If the rider has had to take their helmet off then there will be CCTV of them, which the police can act on.

This is pure fantasy. I don’t know what planet this twat is living on, but it’s not the same one I am. Jesus, the stupidity just oozes out of every sentence he writes.

Enabling police officers to do their job effectively without fear of prosecution is another thing entirely.

Given that the last time I had a bike stolen the lazy fuckers couldn’t even put down their donuts long enough to look at the CCTV footage, they can do one as well.

7 Comments

  1. I don’t have a motorcycle at the moment but when I did I would just take off my helmet when asked. I broadly agree with most of what you say here but I didn’t see it as a hill worth dying on. I admire your ability to be a comudgeon about it though.

    • I usually fill up when the tank is about half empty, so it is no big deal to take my business elsewhere. I see no reason to do business with jerks.

  2. I used to frequent a local Green coloured retaileron my GL1800.

    They had the no helmet policy.
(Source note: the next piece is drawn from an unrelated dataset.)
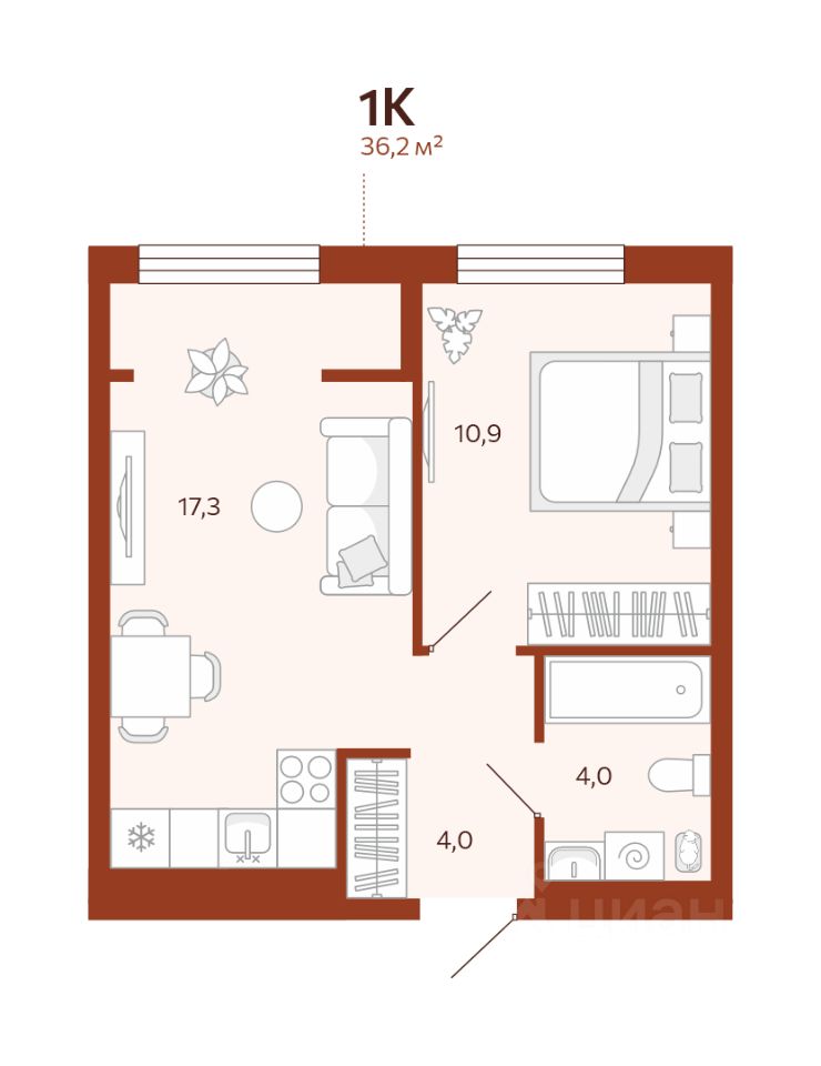 36 м² · Этаж 9 из 14

Unbelievable they would think that a middle aged bloke on a 500kg+ motorcycle was there having stolen it…

    I now use Shell, who even publish a little leaflet in their shops about their support of motorcycle helmet fillups.

  3. A lot of years ago I used to work for a defence contractor. I used to ride in past the security hut every morning, and never once did they ask me to take my helmet off. Nor did anyone ever sneak in disguised as me.

  4. It’s 15 years or so since I rode a motorbike. Sometimes I used to take my helmet off, especially if I’d been riding for a while and needed a breather, but often I’d leave it on. I only had one cashier tell me I should take my helmet off but that was after I’d filled up and as I walked in to pay: “Next time take your helmet off” he said. I thought “There’s not going to be a next time”.

  5. There was a similar thing in pubs, back before the smoking ban when I worked as a relief manager. They would ask customers to take hats off so the CCTV could see them.
    I had once just started a one week relief at a pub in Lancaster and saw the barman asking an elderly gent to remove his flat cap.
    I had a word with the staff and the policy was scrapped for the week I was there

    I completely agree with everything you say about being treated as a potential criminal.
    A lot of that stuff about doing your bit and it not being much to ask, reminds me a lot about the arguments for wearing a mask during covid

    • A lot of that stuff about doing your bit and it not being much to ask, reminds me a lot about the arguments for wearing a mask during covid

      And they didn’t withstand scrutiny either.